2021-04-08 23:44:30

by Axel Rasmussen

[permalink] [raw]
Subject: [PATCH 2/9] userfaultfd/shmem: combine shmem_{mcopy_atomic,mfill_zeropage}_pte

Previously, we did a dance where we had one calling path in
userfaultfd.c (mfill_atomic_pte), but then we split it into two in
shmem_fs.h (shmem_{mcopy_atomic,mfill_zeropage}_pte), and then rejoined
into a single shared function in shmem.c (shmem_mfill_atomic_pte).
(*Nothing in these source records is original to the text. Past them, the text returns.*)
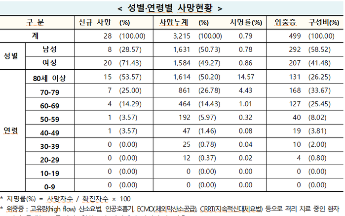 하루 새 28명이 더 목숨을 잃으면서 누적 사망자는 3215명으로 늘었다. 누적 평균 치명률은 0.79%를 기록했다.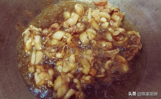 3.锅烧热,油加多一些,到五成热(150度)时,将牛蛙倒入锅内,快速炒至断生(表面颜色全部变了就叫断生)就要马上捞出来。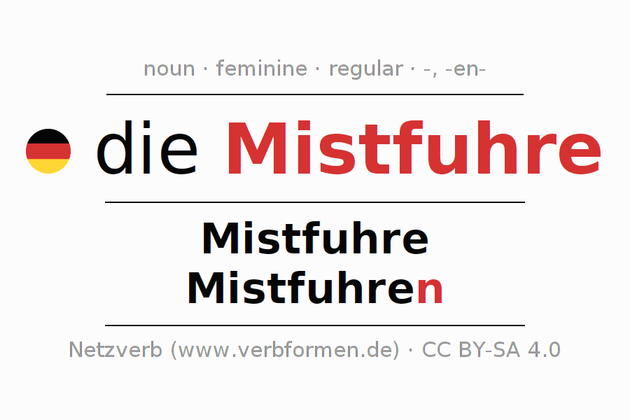 - Plural: die Mistfuhren, der Mistfuhren, den Mistfuhren, die Mistfuhren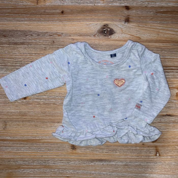 t-shirt Tom Tailor bébé fille gris avec quelques pois en couleur et cœur avec fil or rosé 1 mois #dressingannekobebe036mois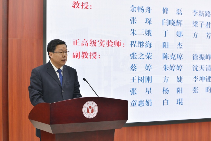 黨委書記王其東代表學(xué)校黨委向新晉升高級職稱教師致以祝賀,對教師們長期以來的辛勤付出、無私奉獻表達感謝。他指出,近年來,學(xué)校大力實施人才強校戰(zhàn)略,持續(xù)加強人才引育,深入推進人事制度改革,師資隊伍整體水平顯著提高。他強調(diào),此次聘任儀式規(guī)格之高,在合肥大學(xué)尚屬首次,這既是對各位的充分尊重認(rèn)可,也是為后續(xù)發(fā)展加油鼓勁。大家要明確職責(zé)使命,堅持更高標(biāo)準(zhǔn)、更嚴(yán)要求,既做“經(jīng)師”也為“人師”,努力在崗位上成為學(xué)術(shù)骨干、團隊核心、擔(dān)當(dāng)標(biāo)桿;要找準(zhǔn)自身定位,堅持特色化、差異化發(fā)展,主動與“國之大者”“校之要事”同頻共振,發(fā)揮不可替代的作用;要拓展合作空間,堅持“走出去”“融進去”,更有意識、有底氣地開展科研學(xué)術(shù)交流、政產(chǎn)學(xué)研用合作。他要求,全校上下,尤其是各職能部門、各二級學(xué)院要拿出“馬上就辦”的態(tài)度和“久久為功”的精神,持續(xù)提高服務(wù)保障水平,積極營造尊師重教氛圍,更好發(fā)揮人才核心競爭力作用,為建設(shè)高水平應(yīng)用研究型大學(xué)共同奮斗。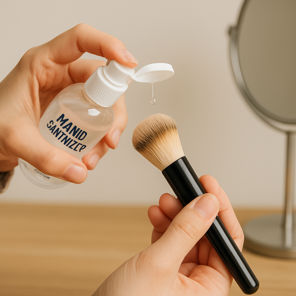 - 손소독제 젤을 화장품 브러시 끝에 소량 덜어줍니다.
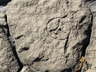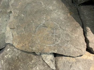 途中で割られて何か危険物の置き場に使われているようだ。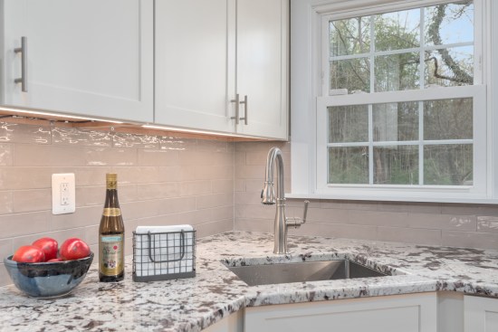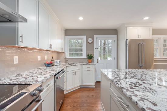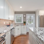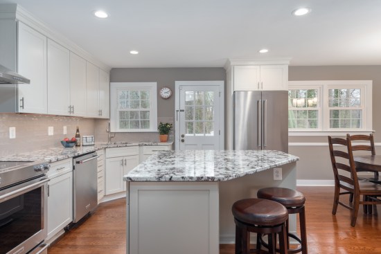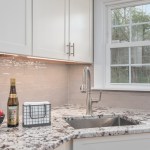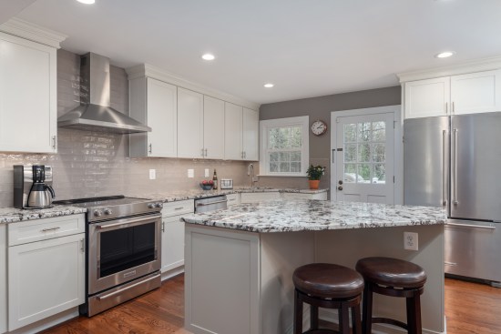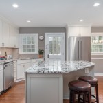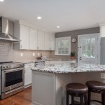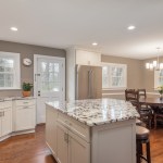 We began in the kitchen by installing a header to allow for better flow between the living room and kitchen. This also gave us the space needed for the large, polygon shaped island and two bar stools. Custom Schrock Pleasant Hill white shaker cabinets were used throughout with Alaskan White granite countertops. The Genesis 13 glossy tile backslash completes the look.

This is all a bit overly complex. Just call the single combined shmem
function directly, allowing us to clean up various branches,
boilerplate, etc.

While we're touching this function, two other small cleanup changes:
- offset is equivalent to pgoff, so we can get rid of offset entirely.
- Split two VM_BUG_ON cases into two statements. This means the line
number reported when the BUG is hit specifies exactly which condition
was true.

Signed-off-by: Axel Rasmussen <[email protected]>
---
include/linux/shmem_fs.h | 15 +++++-------
mm/shmem.c | 52 +++++++++++++---------------------------
mm/userfaultfd.c | 10 +++-----
3 files changed, 25 insertions(+), 52 deletions(-)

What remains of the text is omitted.